=== What the task asks ===
Repeat the entries below exactly, pictures excluded.
= Beginning of Section =
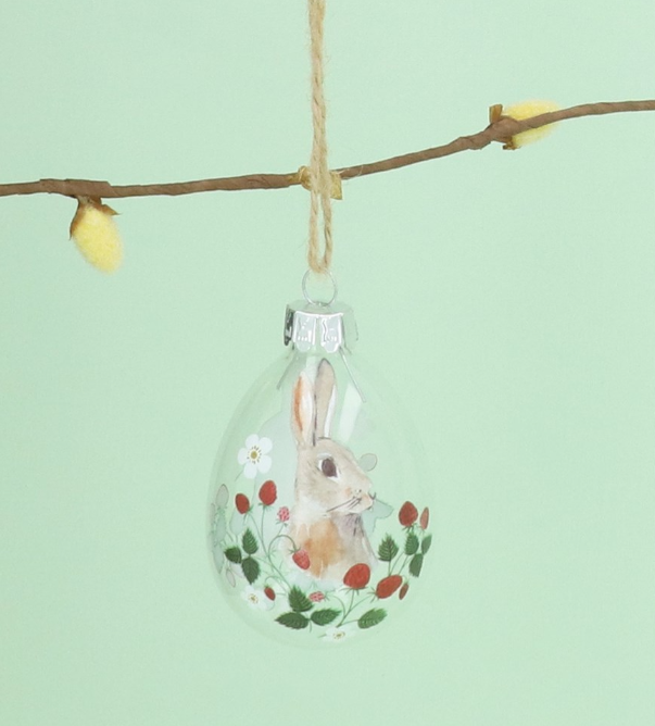 Gisela Graham London transparante paasei hangertjes van glas met Aardbei design met haasje en lieveheersbeestje - set van 2
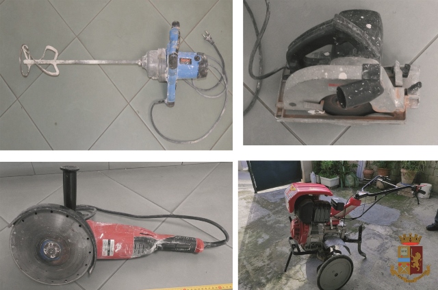 Infine, nel corso dei controlli in via Sonnino, nella zona rupestre in prossimità delle case popolari, gli agenti rinvenivano, occultati all’interno di un sacco di juta, alcuni attrezzi da lavoro, una smerigliatrice, un flex, un’impastatrice per cemento, nonché una motozappa, tutti oggetti provento di furto.
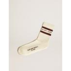 靴下 ソックス(ユーズドホワイト) ユーズドディテール&ブラウンストライプ レディース メンズ
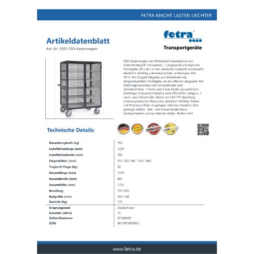 Produktinformationen "FETRA ESD-Kastenwagen 9393"
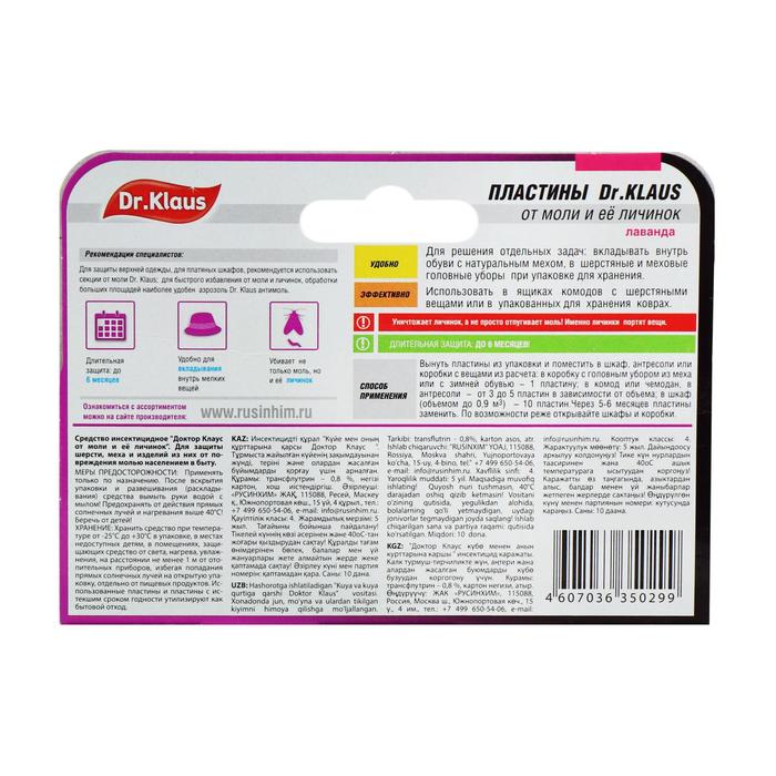 Средство "Dr.Klaus" предназначено для защиты шерсти, меха и изделий из них от повреждения молью. Уничтожает личинок, а не просто отпугивает моль. Именно личинки портят вещи. Для защиты изделий из шерсти, натурального меха, верхней одежды, ковров.
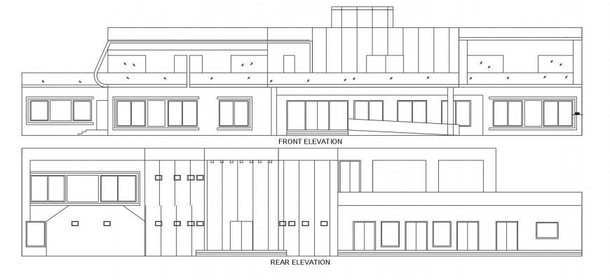 2d cad drawing of Clubhouse front and rear elevation design inclueds dooe and window detail, wall design in autocad file, download free cad file and use cad presentation
= End of Section =
=== Exercise result ===
 Gisela Graham London transparante paasei hangertjes van glas met Aardbei design met haasje en lieveheersbeestje - set van 2
 Infine, nel corso dei controlli in via Sonnino, nella zona rupestre in prossimità delle case popolari, gli agenti rinvenivano, occultati all’interno di un sacco di juta, alcuni attrezzi da lavoro, una smerigliatrice, un flex, un’impastatrice per cemento, nonché una motozappa, tutti oggetti provento di furto.
 靴下 ソックス(ユーズドホワイト) ユーズドディテール&ブラウンストライプ レディース メンズ
 Produktinformationen "FETRA ESD-Kastenwagen 9393"
 Средство "Dr.Klaus" предназначено для защиты шерсти, меха и изделий из них от повреждения молью. Уничтожает личинок, а не просто отпугивает моль. Именно личинки портят вещи. Для защиты изделий из шерсти, натурального меха, верхней одежды, ковров.
 2d cad drawing of Clubhouse front and rear elevation design inclueds dooe and window detail, wall design in autocad file, download free cad file and use cad presentation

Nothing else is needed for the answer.